On 3/14/23 12:25, Michal Koutný wrote:
Hello.
On Tue, Mar 14, 2023 at 10:07:40AM +0000, Daniel Dao <dqminh@xxxxxxxxxxxxxx> wrote:
IMO this violated the principle of cpuset and can be confusing for end users.
I think I prefer Waiman's suggestion of allowing an implicit move to cpuset
when enabling cpuset with subtree_control but not explicit moves such as when
setting cpuset.cpus or writing the pids into cgroup.procs. It's easier to reason
about and make the failure mode more explicit.
What do you think ?
I think cpuset should top IO worker's affinity (like sched_setaffinity(2)).
Thus:
- modifying cpuset.cpus update task's affinity, for sure
- implicit migration (enabling cpuset) update task's affinity, effective nop
Note that since commit 7fd4da9c158 ("cgroup/cpuset: Optimize
cpuset_attach() on v2") in v6.2, implicit migration (enabling cpuset)

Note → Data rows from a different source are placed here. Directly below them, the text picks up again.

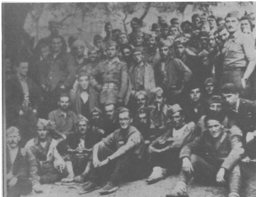
Grupa talijanskih vojnika s borcima 2. dalmatinske brigade u selu Trebaljevo kod Kolašina, 3. oktobra 1943.

Brigadne bolnice 4. proleterske i 2. dalmatinske brigade trebale su se smjestiti u neposrednoj blizini Kolašina.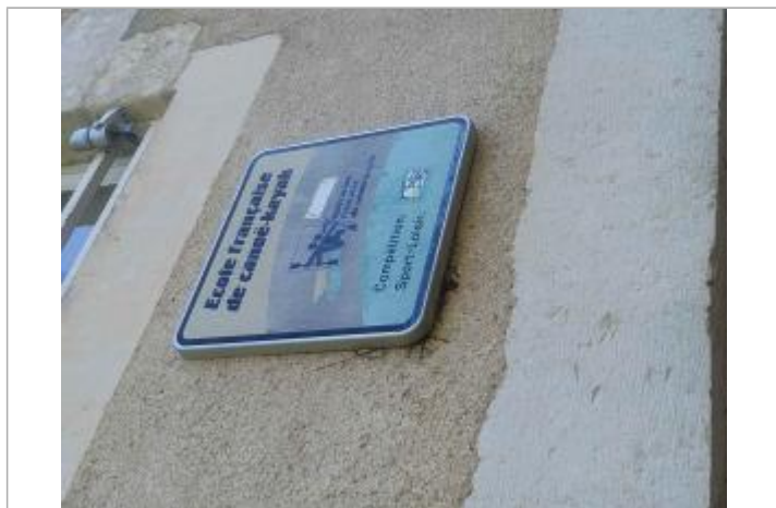
Vue sur débris végétaux (1982)

SOURCE DE REPÉRAGE : RECENSEMENT DES REPÈRES DE CRUES PAR L'EPTB VIENNE - PHASE OPÉRATIONNELLE DU PAPI VIENNE-CLAIN - 22/04/2024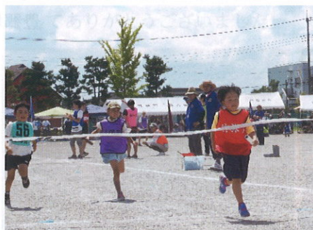
親子リレー、一着でゴールイン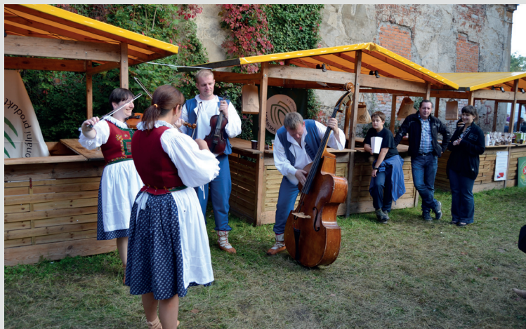
Propagovat Hranicko vyrazila do Polska kromě výrobců i Hudecká muzika

Samotný projekt byl realizován formou dvou výměnných akcí v létě 2014. Na polské straně se zástupci z Mikroregionu Hranicko spolu s výrobcí, držiteli značky, zúčastnili Svátku chmele a chleba, pořádanou v gmině Strzelce Opolskie na konci září. Kromě prezentace výrobků se také vyměňovaly zkušenosti a prohlubovala dosavadní spolupráce. Na oplátku k nám polští výrobci přijeli začátkem října v rámci Farmářského trhu regionu Hranicko v Hranicích. Zde prezentovali jak „variace chuťové“ ochutnávkou svých domácích produktů, tak „variace kulturní“ vystoupením polského souboru BIS, který nám přiblížil polskou kulturu, tradice a folklór. Další aktivitou projektu bylo vytvoření dvou tzv. questů, her připomínajících honbu za pokladem. První quest, s názvem Dobroty Mo-

will not affect the cpu affinity of the process.
- explicit migration (meh) update task's affinity, ¯\_(ツ)_/¯
My understanding of PF_NO_SETAFFINITY is that's for kernel threads that
do work that's functionally needed on a given CPU and thus they cannot
be migrated [1]. As said previously for io_uring workers, affinity is
for performance only.
Hence, I'd also suggest on top of 01e68ce08a30 ("io_uring/io-wq: stop
setting PF_NO_SETAFFINITY on io-wq workers"):
--- a/io_uring/sqpoll.c
+++ b/io_uring/sqpoll.c
@@ -233,7 +233,6 @@ static int io_sq_thread(void *data)
set_cpus_allowed_ptr(current, cpumask_of(sqd->sq_cpu));
else
set_cpus_allowed_ptr(current, cpu_online_mask);
- current->flags |= PF_NO_SETAFFINITY;
mutex_lock(&sqd->lock);
while (1) {
Afterall, io_uring_setup(2) already mentions:
When cgroup setting cpuset.cpus changes (typically in container
environment), the bounded cpu set may be changed as well.
Using sched_setaffiinity(2) can be another alternative. Starting from
v6.2, cpu affinity set by sched_affiinity(2) will be more or less
maintained and constrained by the current cpuset even if the cpu list is
being changed as long as there is overlap between the two. The
intersection between cpu affinity set by sched_setaffinity(2) and the
effective_cpus in cpuset will be the effective cpu affinity of the task.
Cheers,
Longman